§ DATA IN THIS EXERCISE:
········

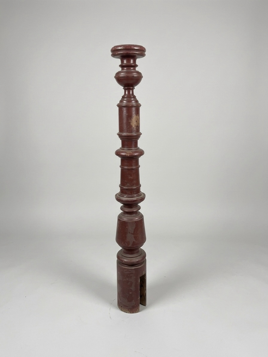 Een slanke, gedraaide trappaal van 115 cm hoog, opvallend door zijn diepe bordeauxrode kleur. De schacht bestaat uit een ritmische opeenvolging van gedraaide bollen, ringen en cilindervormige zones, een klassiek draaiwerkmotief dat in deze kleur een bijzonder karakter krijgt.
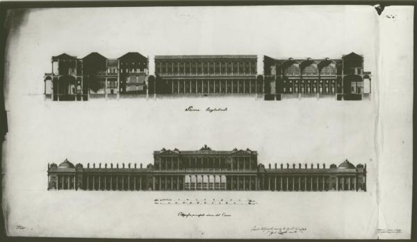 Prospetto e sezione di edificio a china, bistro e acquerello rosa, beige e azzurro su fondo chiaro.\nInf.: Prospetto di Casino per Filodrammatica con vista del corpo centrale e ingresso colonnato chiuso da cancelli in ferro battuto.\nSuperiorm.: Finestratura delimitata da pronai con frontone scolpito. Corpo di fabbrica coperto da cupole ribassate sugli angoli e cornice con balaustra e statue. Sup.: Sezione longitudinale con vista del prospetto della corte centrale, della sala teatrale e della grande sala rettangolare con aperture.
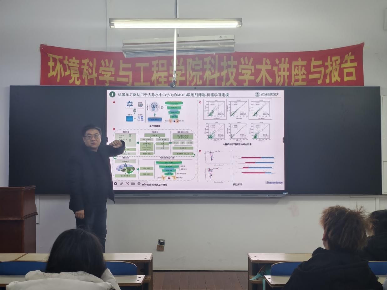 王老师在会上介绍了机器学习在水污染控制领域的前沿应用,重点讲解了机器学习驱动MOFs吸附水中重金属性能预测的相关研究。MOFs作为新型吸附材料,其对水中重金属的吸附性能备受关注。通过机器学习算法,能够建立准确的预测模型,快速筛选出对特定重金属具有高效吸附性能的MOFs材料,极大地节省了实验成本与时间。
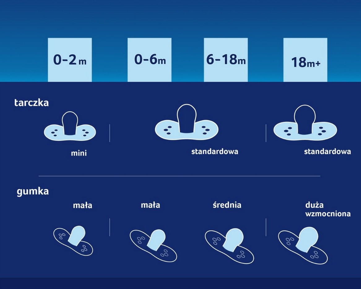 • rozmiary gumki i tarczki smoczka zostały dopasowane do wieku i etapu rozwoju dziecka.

········

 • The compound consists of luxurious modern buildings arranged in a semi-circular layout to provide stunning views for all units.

········

§ TASK STATEMENT: Excerpt from the records above: set down only the lines from the one that contains "Prospetto e sezione" through the one that contains "etapu rozwoju dziecka.", inclusive, word for word. Pictures stay out.

§ EXERCISE ANSWER:
 Prospetto e sezione di edificio a china, bistro e acquerello rosa, beige e azzurro su fondo chiaro.\nInf.: Prospetto di Casino per Filodrammatica con vista del corpo centrale e ingresso colonnato chiuso da cancelli in ferro battuto.\nSuperiorm.: Finestratura delimitata da pronai con frontone scolpito. Corpo di fabbrica coperto da cupole ribassate sugli angoli e cornice con balaustra e statue. Sup.: Sezione longitudinale con vista del prospetto della corte centrale, della sala teatrale e della grande sala rettangolare con aperture.
 王老师在会上介绍了机器学习在水污染控制领域的前沿应用,重点讲解了机器学习驱动MOFs吸附水中重金属性能预测的相关研究。MOFs作为新型吸附材料,其对水中重金属的吸附性能备受关注。通过机器学习算法,能够建立准确的预测模型,快速筛选出对特定重金属具有高效吸附性能的MOFs材料,极大地节省了实验成本与时间。
 • rozmiary gumki i tarczki smoczka zostały dopasowane do wieku i etapu rozwoju dziecka.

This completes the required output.